Race Street is a key street with an at-grade crossing under the I-95 expressway, directly connecting Old City to the Delaware River and the Race Street Pier. It is only a minute walk from the corner of Race and Second Streets to the river. To make the connection more apparent to pedestrians, DRWC hired James Corner Field Operations, the firm which designed the Race Street Pier, who used a combination of design elements to enhance connectivity to the river and improve the pedestrian and bike experience including a dedicated bike lane, signage, benches, bollards, curb realignments, increased sidewalk widths, crosswalks, plantings and a dramatic light screen along the right-side wall of the underpasses. The screen is made of expanded metal with colorful lighting and bold signage. In addition to the River and the City directional signage, the smaller characters on the light screen represent a graphic timeline of the historic flooding events of the Delaware River, recorded by the National Oceanic and Atmospheric Administration’s (NOAA) National Weather Service at Pier 11. The flooding events are registered by month, year and peak flood height. The timeline adds visual interest while further emphasizing the relationship and connection of the city and the river.

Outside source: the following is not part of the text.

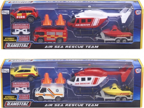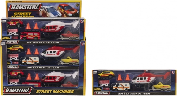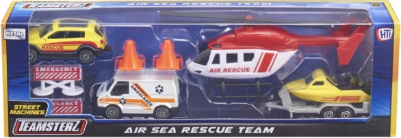 Das Teamsterz-Rettungsteam Air & Sea verwandelt das Kinderzimmer in eine Actionzone voller spannender Missionen. Hochdetaillierte Fahrzeuge mit Metallkarosserie und Kunststoffdetails halten intensivem Spiel stand und rollen dank frei laufender Räder sanft über jede Oberfläche. Der Hubschrauber mit von Hand drehbaren Rotorblättern verleiht jedem Rettungseinsatz den richtigen, realistischen Effekt.

In addition to these design elements is also Marquee, a public art project commissioned by the City of Philadelphia's Percent for Art Program in cooperation with the Delaware River Waterfront Corporation. Marquee was designed by Richard Torchia, with Aaron Igler and Matthew Suib from Greenhouse Media, and is comprised of a 4' by 60' LED screen mounted on the west-facing beam of the I-95 overpass above Race Street in Old City. This LED screen displays live-feed images of the surface of the Delaware River, captured by a camera at the water's edge, 24 hours a day, and seven days a week. Never the same twice, the real-time depictions of the water displayed on the screen are constantly shifting according to weather and lighting conditions, as well as boating patterns and river wildlife.
In addition to drawing pedestrians toward the waterfront, these images may also encourage pedestrians to re-imagine the cascading roar of the overpass traffic as the sound of waves. The work reciprocates the gesture made by the Race Street Pier, an urban park that brings the city to the river: Marquee brings the river to the city.